Rise Up, O Church of God – Have Done with Lesser Things!

Like many United Methodists around the world, the Council of Bishops’ decision to delay, yet again, the General Conference and consideration of the Protocol until August or September 2022 was met with great disappointment. COVID-19 is, of course, the cause of the multiple delays, first from May 2020 to August 2021 and now to 2022.
We all understand the unique challenges posed by a global pandemic and we have all extended quite a bit of grace and understanding over a certain level of disruption and lack of clarity. However, there are several things which strike me about this decision. First, it is quite revealing that our leadership could not find any “pivot” solution. Large, international organizations all over the world faced the same challenges and they found a whole array of creative solutions to keep making important decisions. There is no reason why the church could not find a way to address the Protocol in 2020 or certainly by 2021, as a single agenda item, since so much planning and transition across the denomination appears to hinge on this decision. Second, at a deeper level, I continue to be amazed at the hope being placed in the Protocol. Isn’t it amazing that the United Methodist Church, which is such a stickler for rules and procedures, has embraced the Protocol which was never authorized by any formal body? After every General Conference delay the inevitable calls begin to emerge asking the Council of Bishops to re-re-re affirm their commitment to the Protocol as if their affirmation would somehow give us comfort and assurance in the long wait. What are we waiting for? Except for a faithful few, since when has the Council of Bishops had any concern for the health and future of historic orthodoxy in the church? Is our hope in the Protocol? Is our salvation in keeping our building and land? Is our trust in some kind of “golden parachute” which we are being given?
This is the time for the Traditionalists to remember afresh what this whole struggle has been about over the last fifty years. It has not been about human sexuality. It has not been about the terms of separation. It has not been about the Trust Clause. These have served as some of the presenting issues. The struggle has been about nothing less than the recovery of biblical, apostolic Christianity. It is about a profound and fresh encounter with the Lord Jesus Christ, who alone is the Lord of the church, and who has promised us that he will build his church and the gates of hell shall not prevail against it. It is about a renewal of our Wesleyan message of holiness, sanctification, the re-directed heart, and the Spirit-filled life. It is about the unleashing of 10,000 new church plants across the world. It is about transformed lives and a message of hope in a culture of despair. It is about a fresh encounter with the Scriptures as the living Word of God. It is about the eternal verities of God’s revelation. It is about being set free from decades of confusion about the central, transformative realities of the gospel. It is about being set free from the wearisome pious platitudes of a kind of deistic, therapeutic, self-help moralizing which masquerades in our churches as the sermon. May the fire of God fall so profoundly on us that we cannot help but move forward now.
I still affirm that the Protocol remains the most viable path out of this morass into a more hopeful stream of recovery and restoration. But, what are we to do now that the wait is going on for years? We must live in the present as if we have already been set free for renewed mission in the world. After all, our hope is not in the Protocol. We do not stand trembling before the Council of Bishops waiting for them to tell us, yet again, they are still committed to showing us the door. We stand before the risen Christ! He has called us to “go and make disciples of all nations.” He has called us to re-evangelize a lost and broken nation. He has called us to renewed global partnerships to bring the gospel around the world. That is what all of the renewal movements have been about from the Confessing Movement to Good News to the Wesleyan Covenant Association.
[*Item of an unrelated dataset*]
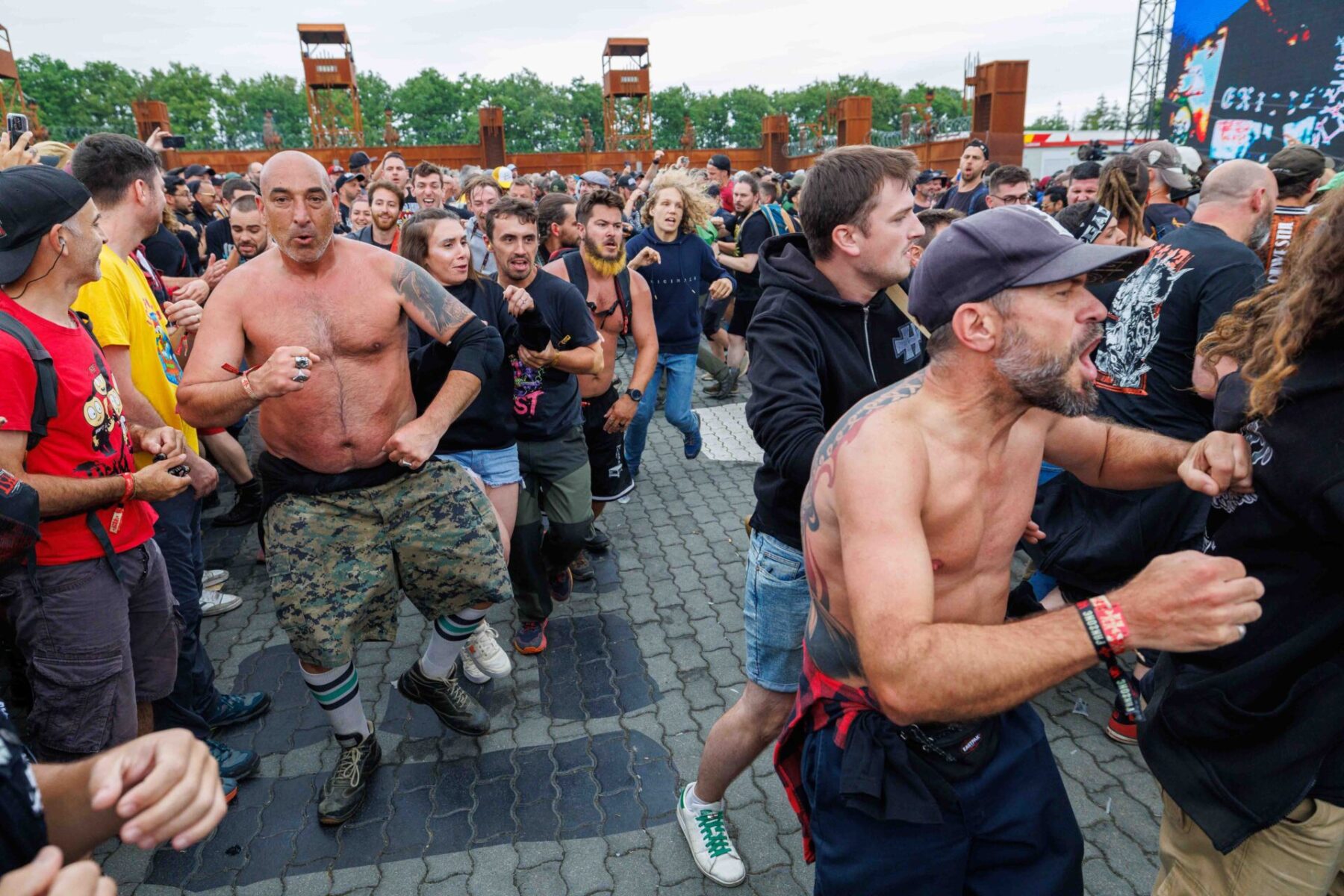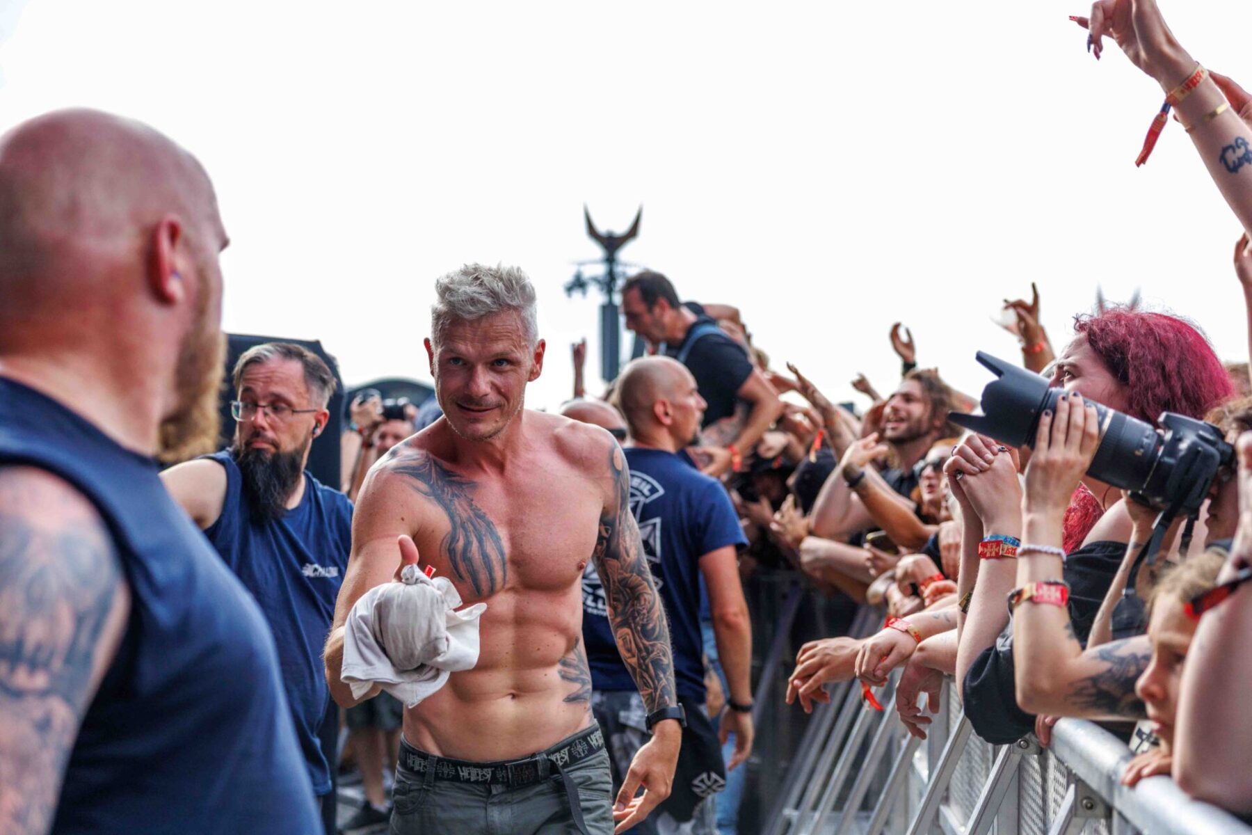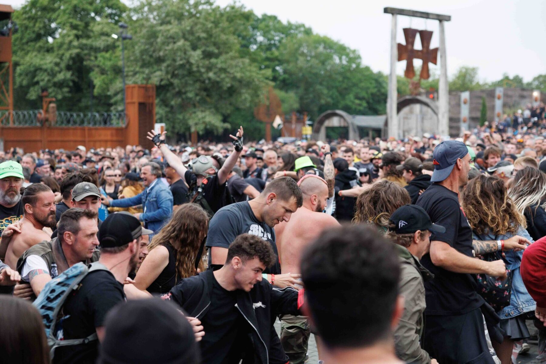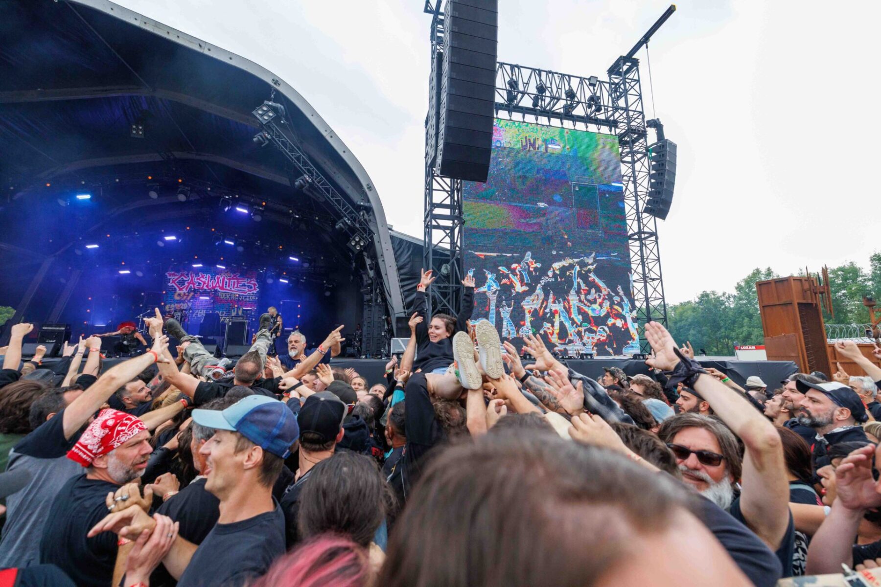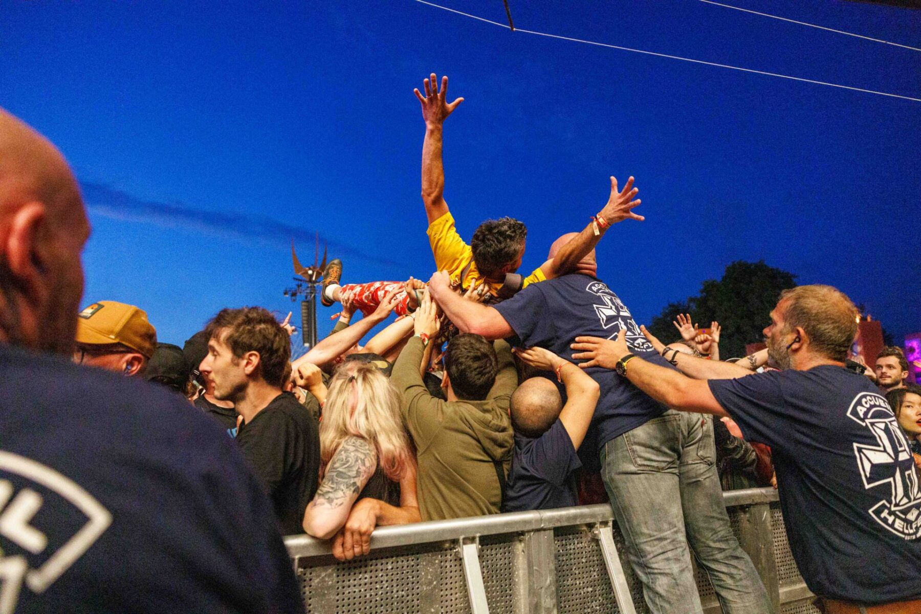 There was not a chance in the world that Slaughter to Prevail were not at the top of my list for bands to see. The demonic gutteral voice of Alex Terrible is a commanding experience leaving you with flashes of visions of the Russian giant when your eyes are closed for days. By far one of the early standout moments during Day 1 occurred during Prevail’s set, which featured Terrible’s attempt to create the largest “Wall of Death” in history. Although it’s always difficult to verify if any record was indeed broken, the viral footage of thousands of fans rushing toward each other added to the chaotic, electrifying atmosphere that Hellfest is known for. Bravely, I managed to place myself in between walls of maniacal infused metal heads as the walls closed in to snap off a few shots ( I have provided these images) Respect and trust being very clear with moshers as this spectacle alone became one of the most talked-about moments of the festival .

This is the faithful future that we have been struggling to recapture. None of this has to wait until the vote on the Protocol. There are too many people who need to hear the good news of Jesus Christ for us to be caught in some kind of endless Ground Hog Day type feedback loop. We cannot be immobilized by a decision whose largest support comes not from our brothers and sisters in Africa, who have stood with us shoulder-to-shoulder fighting for historic orthodoxy for decades, but from the very people who have opposed us. This newly emerging denomination has chosen the name Global Methodist Church. Yet, if the Traditionalists do not start acting now like a Methodist church that is truly global, truly historic, truly Wesleyan, truly a church, then the Traditionalists will have no right to such a name. We must live in the present as if we are already in the future. So, rise up, O Church of God, be done with lesser things; give heart and soul, and mind and strength to serve the King of Kings!